## [Exercise goal]
From the first line to the last, return the data exactly, with no pictures.

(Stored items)

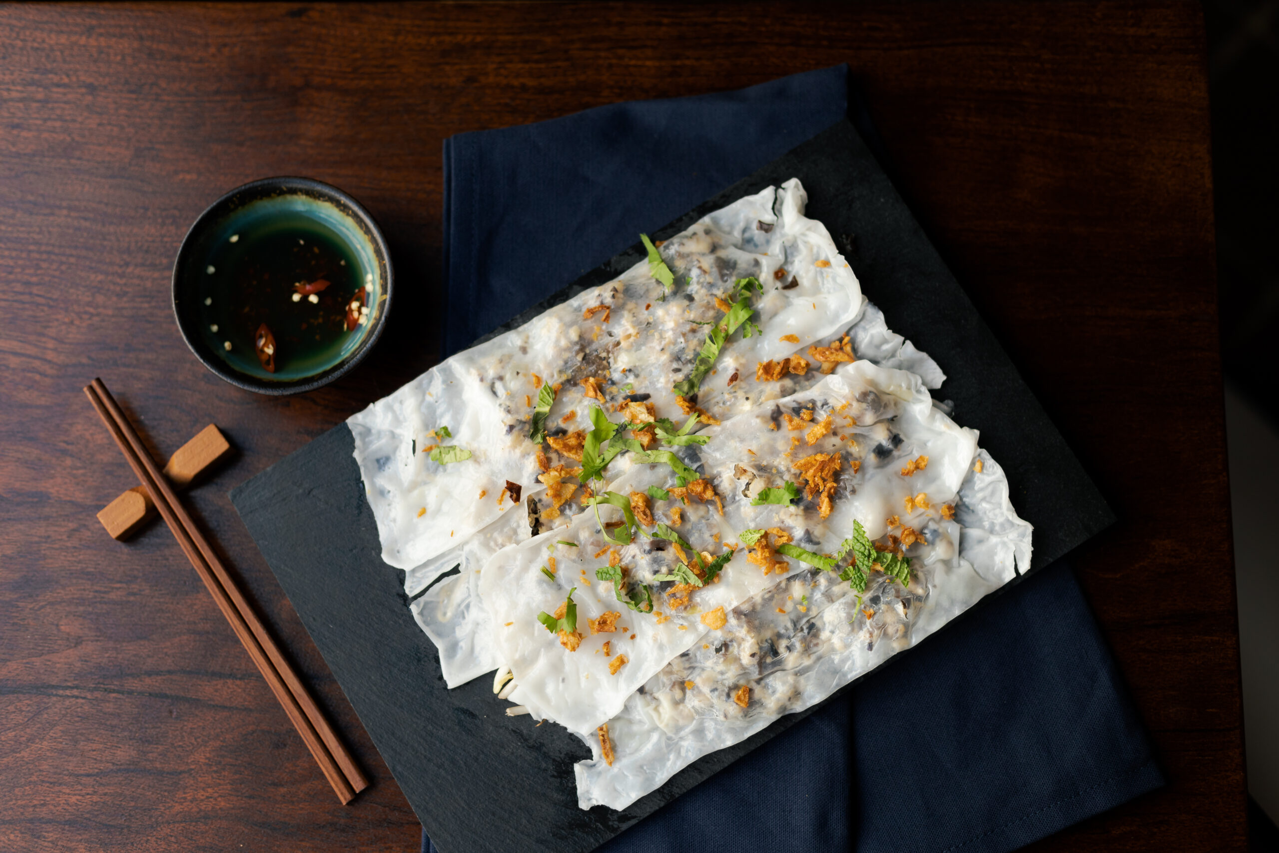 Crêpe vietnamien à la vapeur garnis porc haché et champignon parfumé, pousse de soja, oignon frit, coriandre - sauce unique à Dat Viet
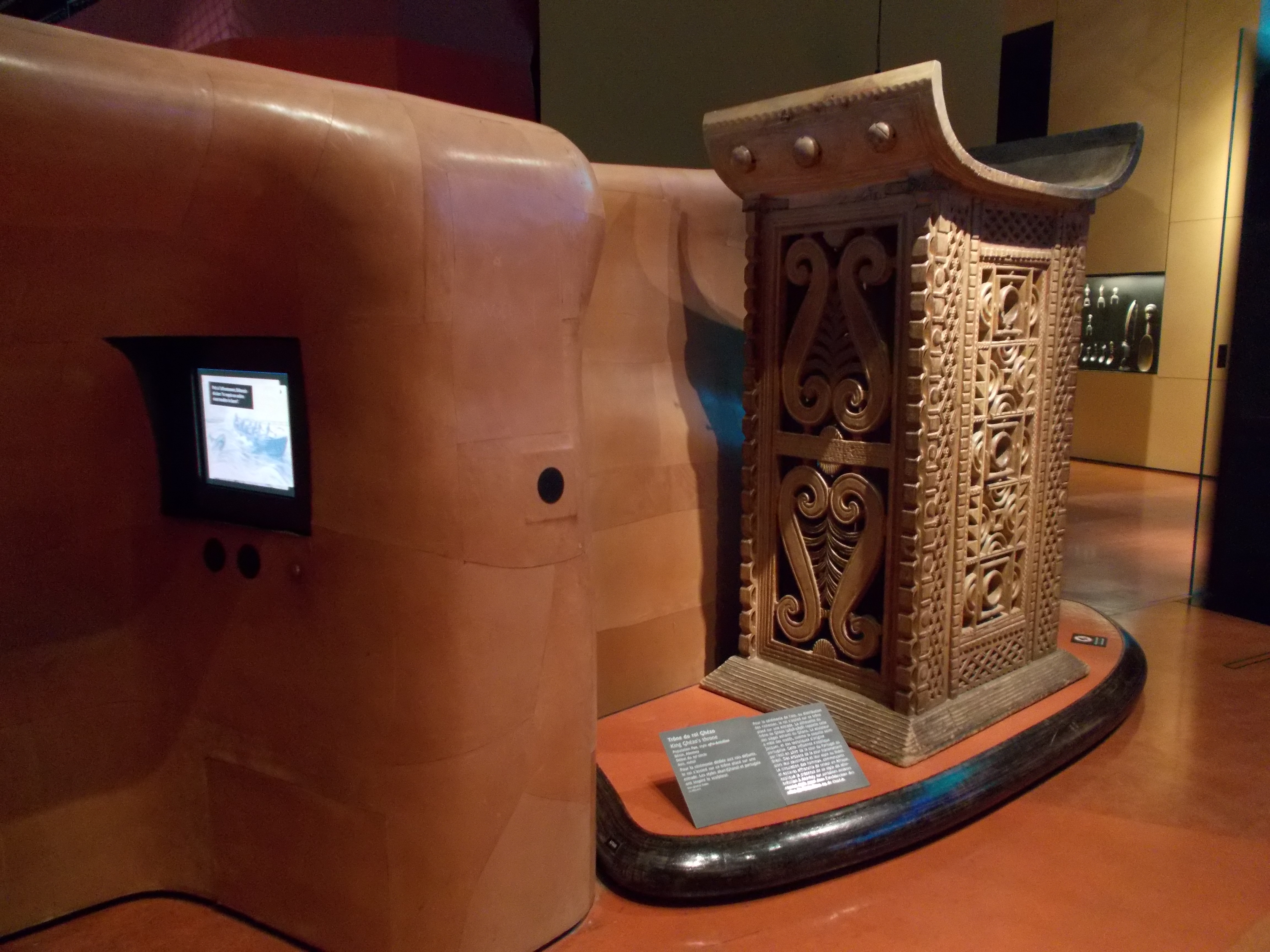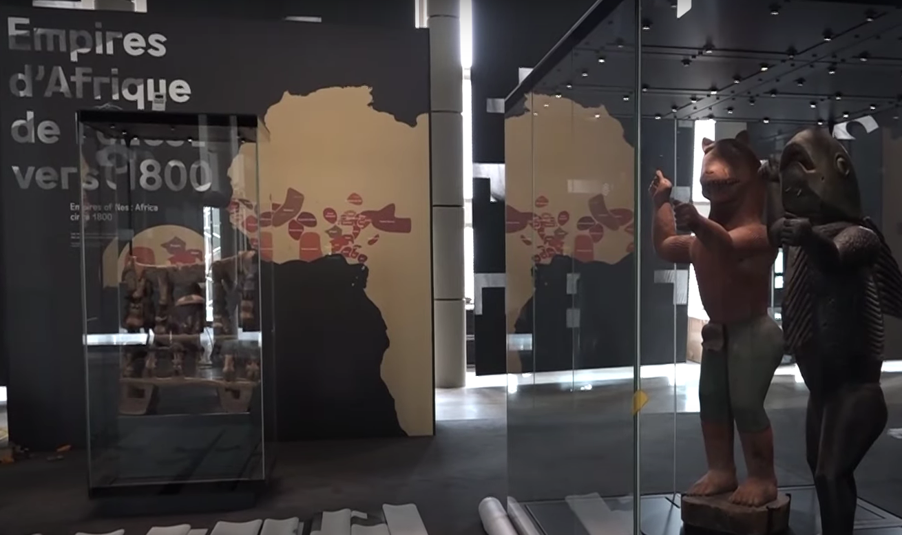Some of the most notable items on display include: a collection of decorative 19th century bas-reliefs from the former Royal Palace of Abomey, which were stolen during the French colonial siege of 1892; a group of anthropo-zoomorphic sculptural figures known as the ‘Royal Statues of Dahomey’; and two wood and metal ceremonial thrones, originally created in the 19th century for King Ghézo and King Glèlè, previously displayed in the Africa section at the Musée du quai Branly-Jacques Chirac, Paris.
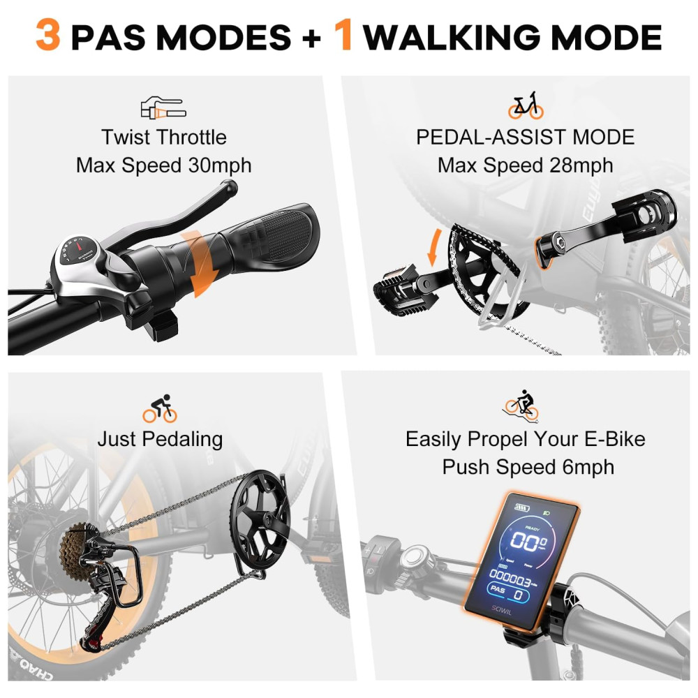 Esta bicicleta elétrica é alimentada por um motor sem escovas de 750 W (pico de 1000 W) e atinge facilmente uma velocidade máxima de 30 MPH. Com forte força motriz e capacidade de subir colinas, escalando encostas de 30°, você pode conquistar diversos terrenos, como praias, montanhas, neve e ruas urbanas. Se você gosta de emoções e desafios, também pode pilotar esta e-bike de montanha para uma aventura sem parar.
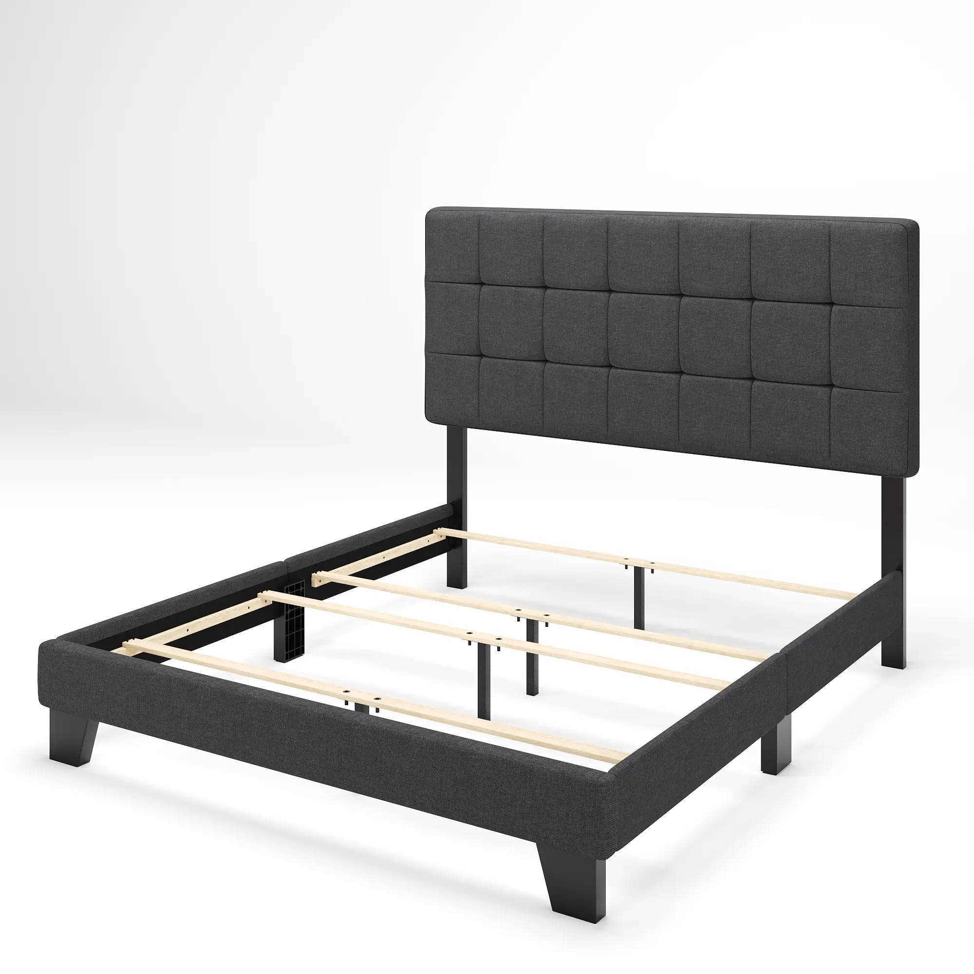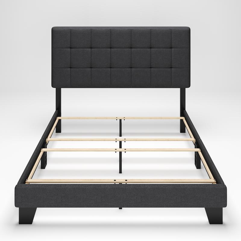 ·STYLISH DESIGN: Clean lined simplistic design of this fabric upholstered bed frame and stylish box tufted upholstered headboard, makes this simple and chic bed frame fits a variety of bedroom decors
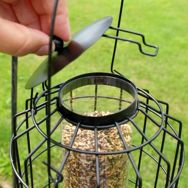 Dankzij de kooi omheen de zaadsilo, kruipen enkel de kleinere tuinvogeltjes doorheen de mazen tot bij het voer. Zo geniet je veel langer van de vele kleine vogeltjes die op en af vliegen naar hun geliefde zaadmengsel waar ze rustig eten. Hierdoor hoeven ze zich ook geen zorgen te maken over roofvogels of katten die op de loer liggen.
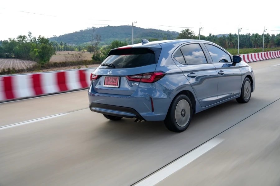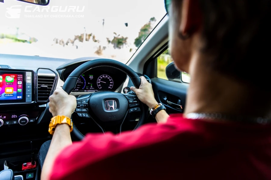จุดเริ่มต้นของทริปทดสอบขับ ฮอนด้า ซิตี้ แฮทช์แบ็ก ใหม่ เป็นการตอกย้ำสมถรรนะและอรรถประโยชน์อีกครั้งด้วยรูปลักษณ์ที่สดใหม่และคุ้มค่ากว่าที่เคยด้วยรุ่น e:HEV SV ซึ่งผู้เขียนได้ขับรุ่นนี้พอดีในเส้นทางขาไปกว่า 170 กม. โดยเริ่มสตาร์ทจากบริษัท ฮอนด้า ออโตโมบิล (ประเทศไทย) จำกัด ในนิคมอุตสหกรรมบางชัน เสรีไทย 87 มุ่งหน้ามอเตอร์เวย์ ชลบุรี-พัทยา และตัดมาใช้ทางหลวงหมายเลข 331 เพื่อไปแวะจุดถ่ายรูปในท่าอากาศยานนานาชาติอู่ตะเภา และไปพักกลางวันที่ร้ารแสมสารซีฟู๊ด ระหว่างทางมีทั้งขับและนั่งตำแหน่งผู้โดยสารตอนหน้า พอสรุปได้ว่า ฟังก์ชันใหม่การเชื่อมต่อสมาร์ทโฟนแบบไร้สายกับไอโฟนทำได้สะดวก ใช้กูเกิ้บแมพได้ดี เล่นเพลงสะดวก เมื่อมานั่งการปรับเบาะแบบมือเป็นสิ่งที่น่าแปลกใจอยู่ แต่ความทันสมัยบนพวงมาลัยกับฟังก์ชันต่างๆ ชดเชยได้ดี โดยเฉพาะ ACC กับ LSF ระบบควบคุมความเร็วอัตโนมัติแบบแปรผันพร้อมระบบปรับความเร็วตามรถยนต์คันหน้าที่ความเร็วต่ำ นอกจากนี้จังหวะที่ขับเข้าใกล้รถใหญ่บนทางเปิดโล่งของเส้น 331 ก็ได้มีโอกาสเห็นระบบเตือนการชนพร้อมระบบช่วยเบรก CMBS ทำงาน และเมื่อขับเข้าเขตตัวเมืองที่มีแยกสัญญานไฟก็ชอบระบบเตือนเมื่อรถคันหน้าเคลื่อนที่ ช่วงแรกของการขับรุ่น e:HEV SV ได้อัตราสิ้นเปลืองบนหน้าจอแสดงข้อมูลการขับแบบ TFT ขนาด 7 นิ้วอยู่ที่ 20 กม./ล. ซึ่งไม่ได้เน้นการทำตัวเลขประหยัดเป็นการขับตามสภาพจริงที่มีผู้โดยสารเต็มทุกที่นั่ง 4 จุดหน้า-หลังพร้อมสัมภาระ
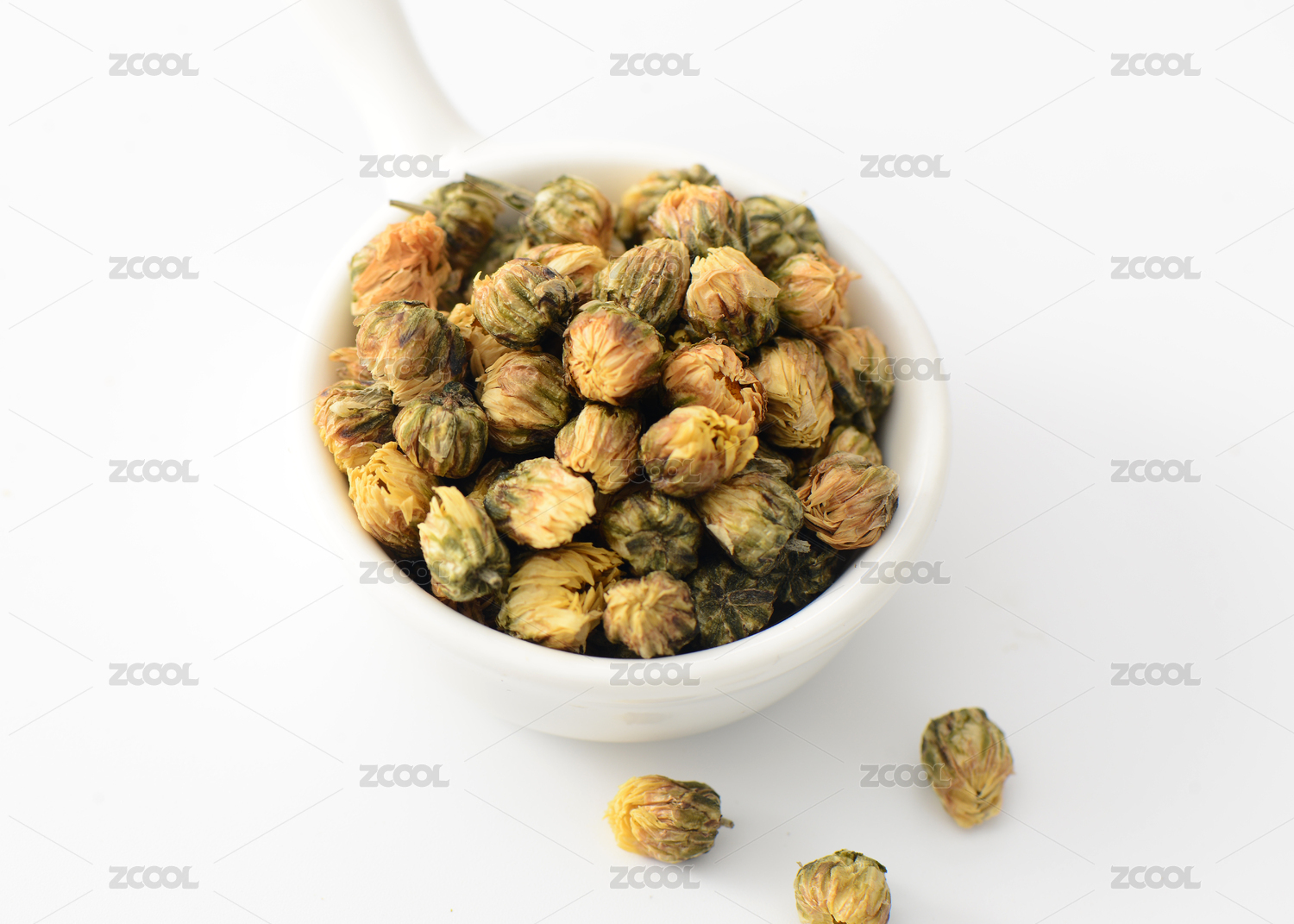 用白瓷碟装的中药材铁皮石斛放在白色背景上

## [Answer space]
 Crêpe vietnamien à la vapeur garnis porc haché et champignon parfumé, pousse de soja, oignon frit, coriandre - sauce unique à Dat Viet
Some of the most notable items on display include: a collection of decorative 19th century bas-reliefs from the former Royal Palace of Abomey, which were stolen during the French colonial siege of 1892; a group of anthropo-zoomorphic sculptural figures known as the ‘Royal Statues of Dahomey’; and two wood and metal ceremonial thrones, originally created in the 19th century for King Ghézo and King Glèlè, previously displayed in the Africa section at the Musée du quai Branly-Jacques Chirac, Paris.
 Esta bicicleta elétrica é alimentada por um motor sem escovas de 750 W (pico de 1000 W) e atinge facilmente uma velocidade máxima de 30 MPH. Com forte força motriz e capacidade de subir colinas, escalando encostas de 30°, você pode conquistar diversos terrenos, como praias, montanhas, neve e ruas urbanas. Se você gosta de emoções e desafios, também pode pilotar esta e-bike de montanha para uma aventura sem parar.
 ·STYLISH DESIGN: Clean lined simplistic design of this fabric upholstered bed frame and stylish box tufted upholstered headboard, makes this simple and chic bed frame fits a variety of bedroom decors
 Dankzij de kooi omheen de zaadsilo, kruipen enkel de kleinere tuinvogeltjes doorheen de mazen tot bij het voer. Zo geniet je veel langer van de vele kleine vogeltjes die op en af vliegen naar hun geliefde zaadmengsel waar ze rustig eten. Hierdoor hoeven ze zich ook geen zorgen te maken over roofvogels of katten die op de loer liggen.
จุดเริ่มต้นของทริปทดสอบขับ ฮอนด้า ซิตี้ แฮทช์แบ็ก ใหม่ เป็นการตอกย้ำสมถรรนะและอรรถประโยชน์อีกครั้งด้วยรูปลักษณ์ที่สดใหม่และคุ้มค่ากว่าที่เคยด้วยรุ่น e:HEV SV ซึ่งผู้เขียนได้ขับรุ่นนี้พอดีในเส้นทางขาไปกว่า 170 กม. โดยเริ่มสตาร์ทจากบริษัท ฮอนด้า ออโตโมบิล (ประเทศไทย) จำกัด ในนิคมอุตสหกรรมบางชัน เสรีไทย 87 มุ่งหน้ามอเตอร์เวย์ ชลบุรี-พัทยา และตัดมาใช้ทางหลวงหมายเลข 331 เพื่อไปแวะจุดถ่ายรูปในท่าอากาศยานนานาชาติอู่ตะเภา และไปพักกลางวันที่ร้ารแสมสารซีฟู๊ด ระหว่างทางมีทั้งขับและนั่งตำแหน่งผู้โดยสารตอนหน้า พอสรุปได้ว่า ฟังก์ชันใหม่การเชื่อมต่อสมาร์ทโฟนแบบไร้สายกับไอโฟนทำได้สะดวก ใช้กูเกิ้บแมพได้ดี เล่นเพลงสะดวก เมื่อมานั่งการปรับเบาะแบบมือเป็นสิ่งที่น่าแปลกใจอยู่ แต่ความทันสมัยบนพวงมาลัยกับฟังก์ชันต่างๆ ชดเชยได้ดี โดยเฉพาะ ACC กับ LSF ระบบควบคุมความเร็วอัตโนมัติแบบแปรผันพร้อมระบบปรับความเร็วตามรถยนต์คันหน้าที่ความเร็วต่ำ นอกจากนี้จังหวะที่ขับเข้าใกล้รถใหญ่บนทางเปิดโล่งของเส้น 331 ก็ได้มีโอกาสเห็นระบบเตือนการชนพร้อมระบบช่วยเบรก CMBS ทำงาน และเมื่อขับเข้าเขตตัวเมืองที่มีแยกสัญญานไฟก็ชอบระบบเตือนเมื่อรถคันหน้าเคลื่อนที่ ช่วงแรกของการขับรุ่น e:HEV SV ได้อัตราสิ้นเปลืองบนหน้าจอแสดงข้อมูลการขับแบบ TFT ขนาด 7 นิ้วอยู่ที่ 20 กม./ล. ซึ่งไม่ได้เน้นการทำตัวเลขประหยัดเป็นการขับตามสภาพจริงที่มีผู้โดยสารเต็มทุกที่นั่ง 4 จุดหน้า-หลังพร้อมสัมภาระ
 用白瓷碟装的中药材铁皮石斛放在白色背景上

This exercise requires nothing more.